"You can defend yourself?" Kugara loaded another shell into the shotgun with a metallic chunk. "But that's it, isn't it? So here's your choice. Fix Nickolai, attack me, or watch the tach-comm go bye-bye."
"Kugara," Mallory whispered, "we need the tach-comm."
The militiamen who still had carbines were coming to the same conclusion, leveling their weapons at Kugara. She aimed the shotgun at the tach-comm again, oblivious to the lasers pointed at her, or beyond caring.
To Mallory's surprise, the black thing, the Protean, said, "I cannot make him as he was."
"Whatever you can do, do it now!"
The Protean knelt over Nickolai's body and placed its hands on his chest. The hands deformed into a flowing web-work that spread across Nickolai's body, covering him in a black net. The threads thickened and pulsed, closing the holes in the net, until Nickolai was completely contained in a pulsing black cocoon.
"Christ preserve us," Mallory muttered.
After a few moments, the cocoon reversed itself, flowing back into the thing's hands. When the black became a pulsing webwork withdrawing from Nickolai's body, Mallory noticed that dozens of threads withdrew from holes in the floor around Nickolai's body.
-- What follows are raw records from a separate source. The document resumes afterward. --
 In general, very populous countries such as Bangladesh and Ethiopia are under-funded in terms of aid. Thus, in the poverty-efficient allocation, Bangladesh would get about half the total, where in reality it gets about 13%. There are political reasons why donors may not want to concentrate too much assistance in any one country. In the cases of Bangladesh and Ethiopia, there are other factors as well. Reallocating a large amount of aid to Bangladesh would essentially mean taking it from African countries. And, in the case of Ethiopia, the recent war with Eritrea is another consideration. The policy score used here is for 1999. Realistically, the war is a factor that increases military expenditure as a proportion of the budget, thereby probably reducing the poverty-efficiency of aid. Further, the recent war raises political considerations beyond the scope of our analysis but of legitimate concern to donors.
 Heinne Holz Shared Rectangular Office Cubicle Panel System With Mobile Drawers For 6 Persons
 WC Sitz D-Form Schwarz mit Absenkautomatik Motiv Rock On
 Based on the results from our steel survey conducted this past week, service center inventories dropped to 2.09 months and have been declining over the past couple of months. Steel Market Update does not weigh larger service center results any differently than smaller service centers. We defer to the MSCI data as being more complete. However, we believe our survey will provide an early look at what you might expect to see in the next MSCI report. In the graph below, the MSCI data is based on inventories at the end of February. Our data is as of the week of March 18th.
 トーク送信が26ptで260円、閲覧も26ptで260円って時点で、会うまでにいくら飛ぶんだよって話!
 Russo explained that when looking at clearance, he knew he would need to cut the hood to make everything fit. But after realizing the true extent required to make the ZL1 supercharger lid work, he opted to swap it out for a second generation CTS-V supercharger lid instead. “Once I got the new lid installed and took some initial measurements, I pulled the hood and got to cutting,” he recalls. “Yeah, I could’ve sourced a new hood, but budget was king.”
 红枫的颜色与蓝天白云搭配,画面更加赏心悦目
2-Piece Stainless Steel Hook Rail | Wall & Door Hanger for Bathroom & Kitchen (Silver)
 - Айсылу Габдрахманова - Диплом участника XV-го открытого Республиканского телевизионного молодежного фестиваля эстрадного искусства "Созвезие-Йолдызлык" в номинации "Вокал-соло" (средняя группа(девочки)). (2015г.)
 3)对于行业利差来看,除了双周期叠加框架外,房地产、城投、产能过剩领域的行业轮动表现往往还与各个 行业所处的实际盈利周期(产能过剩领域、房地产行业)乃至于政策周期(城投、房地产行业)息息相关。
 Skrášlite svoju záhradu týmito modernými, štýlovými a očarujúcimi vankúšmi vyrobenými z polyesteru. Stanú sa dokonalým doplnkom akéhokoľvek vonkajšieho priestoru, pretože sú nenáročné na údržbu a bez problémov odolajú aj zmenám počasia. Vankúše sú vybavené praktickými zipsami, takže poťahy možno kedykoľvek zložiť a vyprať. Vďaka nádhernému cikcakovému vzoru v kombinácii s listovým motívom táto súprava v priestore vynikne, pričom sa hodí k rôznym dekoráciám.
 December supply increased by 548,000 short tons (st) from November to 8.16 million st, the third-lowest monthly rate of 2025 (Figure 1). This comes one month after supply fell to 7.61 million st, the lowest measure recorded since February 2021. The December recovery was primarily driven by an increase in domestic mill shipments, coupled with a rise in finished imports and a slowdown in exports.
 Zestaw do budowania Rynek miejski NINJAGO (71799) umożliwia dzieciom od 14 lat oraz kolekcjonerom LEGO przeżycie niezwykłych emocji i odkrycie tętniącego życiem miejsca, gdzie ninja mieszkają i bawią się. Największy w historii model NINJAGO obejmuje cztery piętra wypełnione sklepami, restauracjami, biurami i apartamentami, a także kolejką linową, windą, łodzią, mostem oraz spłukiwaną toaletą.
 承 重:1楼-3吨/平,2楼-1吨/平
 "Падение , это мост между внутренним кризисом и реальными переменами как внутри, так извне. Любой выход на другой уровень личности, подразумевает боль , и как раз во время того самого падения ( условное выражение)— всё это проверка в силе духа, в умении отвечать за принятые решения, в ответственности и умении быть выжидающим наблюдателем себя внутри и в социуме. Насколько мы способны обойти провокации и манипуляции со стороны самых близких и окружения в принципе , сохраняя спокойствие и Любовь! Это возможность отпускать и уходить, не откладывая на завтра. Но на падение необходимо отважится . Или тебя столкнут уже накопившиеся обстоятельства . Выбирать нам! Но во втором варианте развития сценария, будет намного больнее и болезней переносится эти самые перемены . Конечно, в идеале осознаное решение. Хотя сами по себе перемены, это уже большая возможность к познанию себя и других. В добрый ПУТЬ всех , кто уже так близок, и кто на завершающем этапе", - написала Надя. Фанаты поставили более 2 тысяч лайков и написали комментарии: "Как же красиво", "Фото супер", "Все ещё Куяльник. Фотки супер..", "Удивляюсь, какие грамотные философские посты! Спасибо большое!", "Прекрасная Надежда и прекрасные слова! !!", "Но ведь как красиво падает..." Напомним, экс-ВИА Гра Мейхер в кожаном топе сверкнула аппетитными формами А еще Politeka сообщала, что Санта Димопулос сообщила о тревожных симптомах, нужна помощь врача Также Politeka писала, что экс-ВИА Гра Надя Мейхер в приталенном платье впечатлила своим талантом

The prone tiger was surrounded by an outline of holes in the ferrocrete floor.
What, why?
When he saw the web withdraw from a new right arm that hadn't existed moments before, Mallory answered his own question. Raw material.
He had known, as soon as Kugara uttered the word, "Protean." But it hadn't truly sunk in until now. The realization ignited a primal fear, one that was worse than the fear associated with AI, or the technologies that were used by Salmagundi to replicate the minds of its citizens. The wars mankind fought with genetic engineering and with thinking machines were awful, but understandable.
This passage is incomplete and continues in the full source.